Let $A \in \mathbb{R}^{n \times m}$ be a full-column rank matrix and $x\in\mathbb{R}^n$ be a vector. At the moment I am performing the following computations:
- $Q, R = \texttt{QR}(A)$
- $y = x - 2QQ^\top x$
Is there a way to obtain $y$ without computing the QR decomposition?
Notes
The QR() function that I am using is the scipy.linalg.qr with mode='economic', meaning that $Q$ is a $n\times m$ matrix.
I think it should be possible to do this without computing the QR decomposition because the operation $QQ^\top x$ essentially is a projection of $x$ onto the column space of $Q$. But that same column space is spanned by the columns in $A$..

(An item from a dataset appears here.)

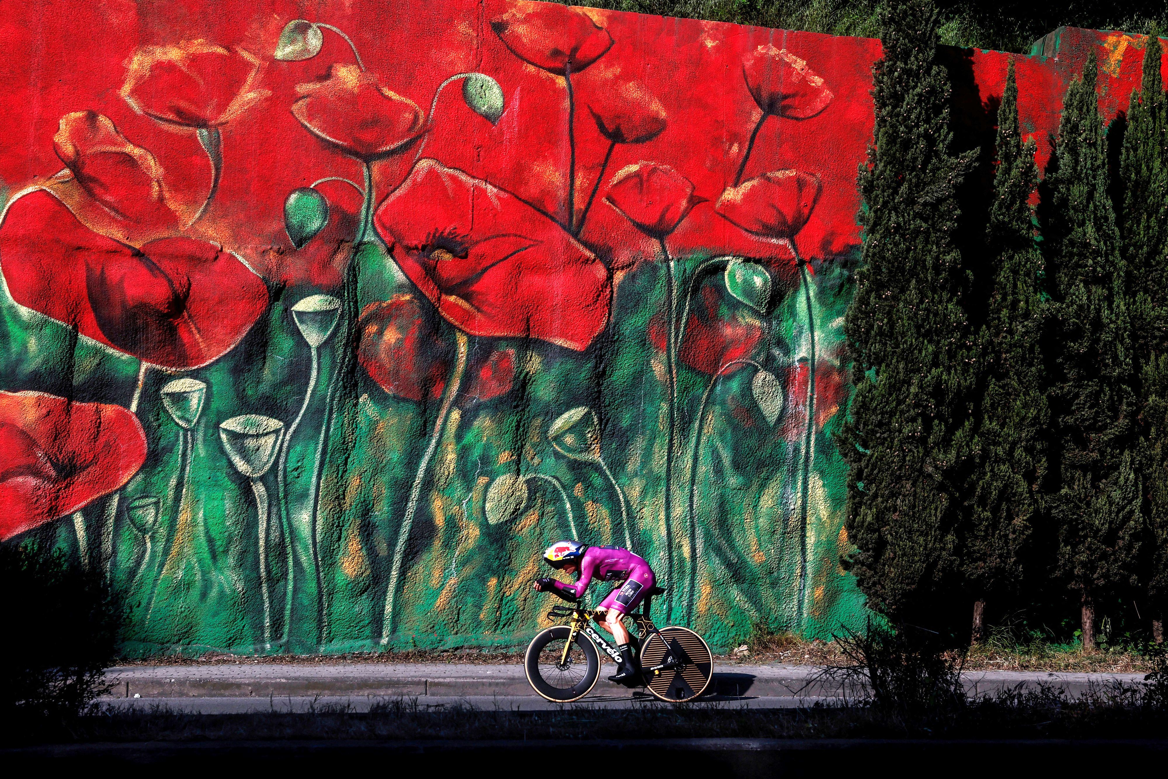 Team Visma-Lease a Bike's Belgian rider Wout Van Aert competes during the second stage of the 108th Giro d'Italia cycling race, a 13.7km individual time-trial from Tirana to Tirana in Albania, on May 10, 2025. (Photo by Luca Bettini/AFP Photo)

The projection $\hat x$ of $x$ onto the image of $A$ is $$ \hat x = A(A^T A)^{-1} A^T x. \tag{1} $$ so $y = x - 2 A(A^T A)^{-1} A^T x $.
This is a well known formula in the topic "linear least square problem". If you want to fully understand where it comes from, you can have look on this topic on Wikipedia or, for instance, here.
I'll try to give a quick answer:
In the linear least square problem, we want to find the best approximated solution to the overdetermined system $Au = x$, i.e. find $\hat u$ that minimizes the norm $\|Au - x\|_2$. One can show (see the link) that you can get $\hat u$ by solving the so called normal equation: $$ A^T A u = A^T x. \tag{2} $$ Since $A$ has full column-rank, $A^T A$ is invertible so we obtain $\hat u = (A^T A)^{-1} A^T x$. Now, note that $A \hat u$ is the vector in $\mathrm{im}\, A$ that lies closest to $x$ (recall that $\hat u$ minimizes $\|A u - x\|_2$), so $\hat x = A \hat u$ is the orthogonal projection of $x$ onto $\mathrm{im}\, A$.
In theory, you can use the formulas $(1)$ or $(2)$, but from a computational point of view, this isn't very effective (calculating an inverse matrix is a no-go). That's why the QR-decomposition is often used. Other matrix decompositions, like the singular value decomposition or Cholesky decomposition (for Hermitian positive matrices), can also be used.
Suggested exercise: if you substitute $A=QR$ into the formula $(1)$, you should retrieve $\hat x = QQ^T x$.